2  Data Description

2.1 Collecting Data

2.1.1 Observational Study/Survey

Observational Study/Survey

Researcher has no control over conditions of interest.

2.1.2 Experiment

Experiment

Researcher has control over conditions of interest.

2.2 Variable Types

2.2.1 Qualitative Variable

Qualitative Variable

Describe qualities or characteristics.

2.2.2 Quantitative Variable

Quantitative Variable

Represent measurable quantities and are expressed in numerical form.

2.3 Graphical Methods

2.3.1 Qualitative Data

2.3.1.1 Example

Hair Color of 35 Persons

Blonde, Brown, Brown, Black, Red, Brown, Brown, Black, Brown, Brown, Blonde, Black, Brown, Blonde, Black, Red, Brown, Black, Brown, Brown, Brown, Black, Brown, Black, Blonde, Blonde, Black, Brown, Blonde, Black, Brown, Blonde, Red, Black, Brown

Table 2.1: Frequency Distribution
Color n percent
Black 10 0.2857143
Blonde 7 0.2000000
Brown 15 0.4285714
Red 3 0.0857143
Total 35 1.0000000
Table 2.2
library(fastverse)
library(tidyverse)
library(scales)
library(janitor)
library(kableExtra)

Exmp2.1 <- 
  data.table(
    Color = 
          c(
            "Brown", "Black", "Black", "Brown", "Black", "Blonde", "Brown"
          , "Blonde", "Blonde", "Brown", "Black", "Red", "Brown", "Brown" 
          , "Brown", "Brown", "Black", "Brown", "Brown", "Brown", "Brown" 
          , "Black", "Red", "Blonde", "Blonde", "Black", "Black", "Brown" 
          , "Blonde", "Brown", "Red", "Black", "Blonde", "Brown", "Black"
        )
      )

Exmp2.1 %>% 
  tabyl(Color) %>% 
  adorn_totals() %>% 
  kbl()
(a) Pie Chart
(b) Bar Chart
Figure 2.1: Graphical display of qualitative data
Exmp2.1 %>% 
  tabyl(Color) %>% 
  ggplot(data = ., aes(x = "", y = n, fill = Color)) +
  geom_bar(stat = "identity", width = 1) +
  coord_polar("y", start = 0) +
  theme_void()

ggplot(data = Exmp2.1, mapping = aes(x = Color)) +
  geom_bar() +
  scale_y_continuous(expand = c(0, 0), limits = c(0, NA), breaks = pretty_breaks(n = 8)) +
  labs(
    x = "Color"
  , y = "Frequency"
  ) +
  theme_classic()

2.3.2 Quantitative Data

2.3.2.1 Example

Monthly sales of small business in $1,000.

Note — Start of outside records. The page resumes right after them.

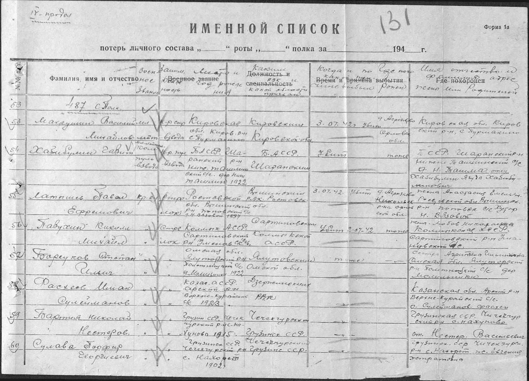 Марина Фандеева: Доброго времени суток, Марина! К сожалению, ваша ситуация - далеко не редкость. Ливенская администрация дала вам такой ответ на основании того, что в именных захоронениях района ваш дед не числится, то есть его нет в учётной карточке ни одной братской могилы. Здравствуйте,мы Вам писали сообщение о нашем дедушке Латышев Павел Ефремович. Нам пришло много ответов за что очень благодарны,но мы тоже вели поиски сами и нашли в ОБД Мемориал две записи. В одной записи пропал без вести в июне 1942 года,а в другой записи убит в июле 1942 года похоронен в деревне Огрызково Орловской области Ливенского района. Мы ездили на место захоронения,делали запросы в Ливенскую администрацию,нам ответили,что в Ливенском районе он не числится.С области никаких данных не дают.Но местные жители нам объяснили,что это место находится на стыке трех областей и документы по его захоронению могли попасть в Курскую или Липецкую области.Не могли бы Вы проверить эту информацию у нас ничего не получается.Большое спасибо. Вместе с вашим дедом в Огрызково погибли и захоронены 28 бойцов. 26, включая вашего деда, ни в одной братской могиле Ливенского района не значатся. Лишь двое увековечены: Информация из донесения о безвозвратных потерях Фамилия Белых Имя Валентин Отчество Семенович Дата рождения/Возраст __.__.1923 Место рождения Орловская обл., Никольский р-н, с. Новестное Дата и место призыва Никольский РВК, Орловская обл., Никольский р-н Последнее место службы 143 сд Воинское звание мл. сержант Причина выбытия убит Дата выбытия 03.07.1942 Название источника информации ЦАМО Номер фонда источника информации 58 Номер описи источника информации 818883 Номер дела источника информации 1004 Захоронен в Огрызково Информация из списков захоронения Фамилия Белых Имя Валентин Отчество Семенович Дата рождения/Возраст __.__.1923 Воинское звание рядовой Дата смерти 03.07.1942 Страна захоронения Россия Регион захоронения Орловская обл. Место захоронения Ливенский р-н, с. Норовка Могила Братская могила № 42 Информация из донесения о безвозвратных потерях Фамилия Плакса Имя Степан Отчество Васильевич Дата рождения/Возраст __.__.1906 Место рождения Каменец-Подольская обл., Полонинский р-н, с. Мондан Вальяна Дата и место призыва Полонский РВК, Украинская ССР, Каменец-Подольская обл., Полонский р-н Последнее место службы 143 сд Воинское звание красноармеец Причина выбытия убит Дата выбытия 02.07.1942 Название источника информации ЦАМО Номер фонда источника информации 58 Номер описи источника информации 818883 Номер дела источника информации 1004 Захоронен в д. Огрызково Информация из списков захоронения Фамилия Плакса Имя Степан Отчество Васильевич Воинское звание рядовой Дата смерти 03.07.1942 Страна захоронения Россия Регион захоронения Орловская обл. Место захоронения Ливенский р-н, с. Норовка Могила Братская могила № 42 У нескольких бойцов упомянуто место захоронения в Книгах памяти: Информация из Книги Памяти Фамилия МАКРУШИН Имя Василий Отчество Михайлович Дата рождения/Возраст __.__.1922 Дата выбытия 03.07.1942 Название источника информации Книга памяти. Кировская область. Том 4 Захоронен д. Огрызково Орловской области Информация из Книги Памяти Фамилия ФАСХЕЕВ Имя Иман Отчество Сулейманович Дата рождения/Возраст __.__.1923 Дата выбытия 02.07.1942 Название источника информации Книга памяти. Калужская область. То
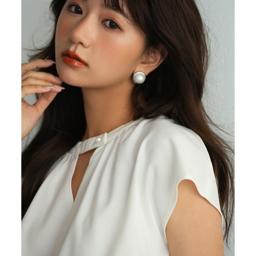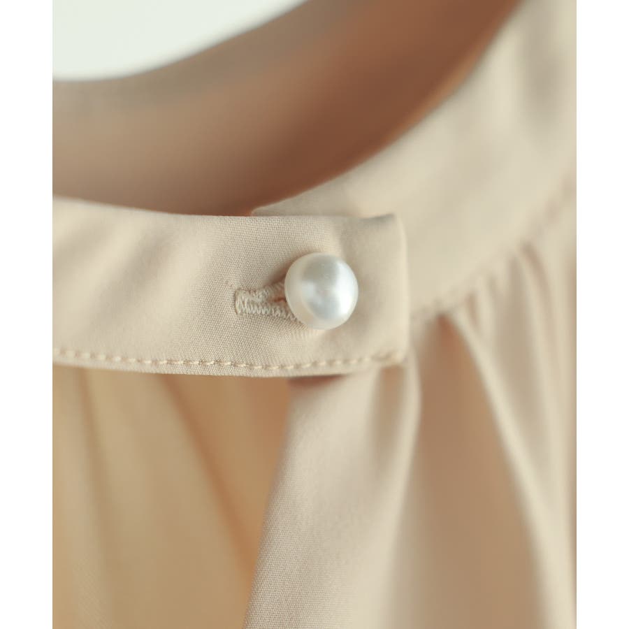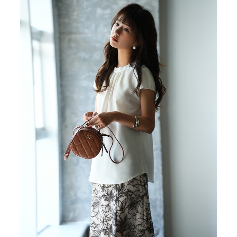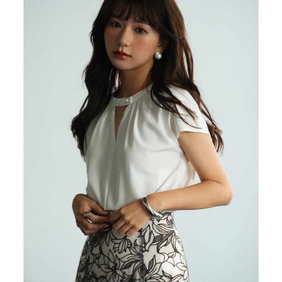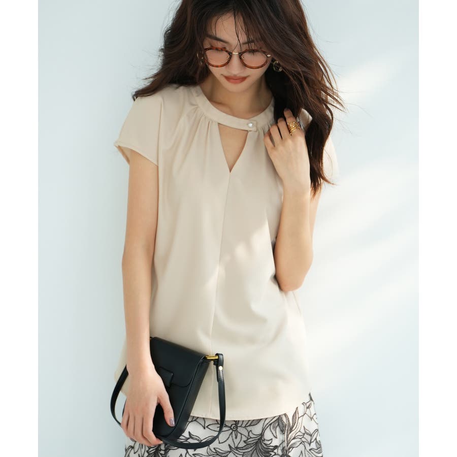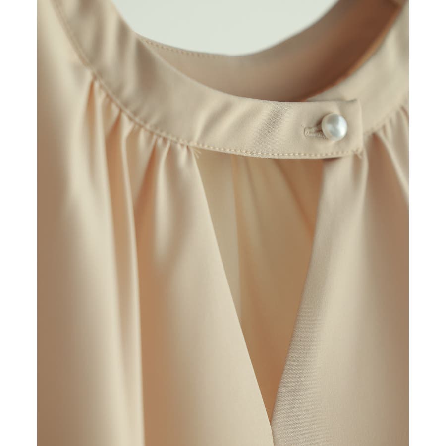 ネック部分のギャザー寄せと三角に開いた前開きの前後2wayデザインが着こなしの幅を広げてくれます。シンプルなのに一枚で大人きれいなコーデが叶います。
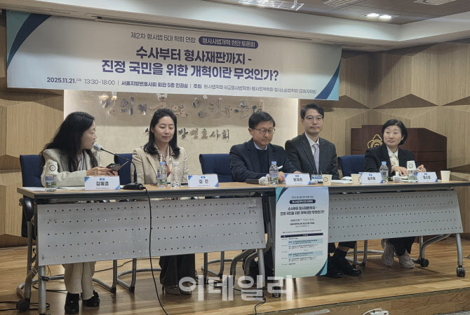 한국형사법학회·한국비교형사법학회·한국형사정책학회·한국형사소송법학회·한국피해자학회 등 형사법 5대 학회가 21일 서울 서초구 서울지방변호사회관에서 형사사법 개혁 현안 토론회를 열었다. (사진=성가현 기자)

8.2, 11.5, 12.1, 7.3, 14.8, 9.4, 9.7, 8.4, 10.1, 12.3, 10.2, 9.5, 13.4, 9.8, 10.9, 15.1, 8.3, 6.1, 8.7, 10.3

Table 2.3: Frequency Distribution
LL n percent
[6.1,8] 2 0.10
(8,10] 8 0.40
(10,12] 5 0.25
(12,14] 3 0.15
(14,16] 2 0.10
Total 20 1.00
Table 2.4
Exmp2.2 <- 
  data.table(
    Sales = c(
                8.2, 11.5, 12.1, 7.3, 14.8, 9.4, 9.7, 8.4, 10.1, 12.3
              , 10.2, 9.5, 13.4, 9.8, 10.9,15.1, 8.3, 6.1, 8.7, 10.3
              )
  )

Exmp2.2 %>% 
  fmutate(LL = cut(
                     x = Sales
                   , breaks = c(6.1, 8.0, 10.0, 12.0, 14.0, 16.0)
                   , include.lowest = TRUE
                   , right = TRUE
                   )
          ) %>% 
  tabyl(LL) %>% 
  adorn_totals() %>% 
  kbl()
Figure 2.2: Histogram
ggplot(data = Exmp2.2, mapping = aes(x = Sales)) +
  geom_histogram(bins = 5) +
  scale_x_continuous(breaks = pretty_breaks(n = 8)) +
  scale_y_continuous(expand = c(0, 0), limits = c(0, NA), breaks = pretty_breaks(n = 8)) +
  labs(
    x = "Sales"
  , y = "Frequency"
  ) +
  theme_classic()

2.3.2.2 Histogram Shapes

Histogram Shapes
  • Symmetric
  • Uniform
  • Skewed Right
  • Skewed Left

2.3.2.3 Stem and Leaf Diagram

Stem and Leaf Diagram
  • Attempt to capture additional information lost in histogram
  • Form stem of first digit (or sometimes multiple digits) of data values
  • Attach leaf of trailing digit or digits

2.3.2.4 Example

Monthly sales of small business in $1,000.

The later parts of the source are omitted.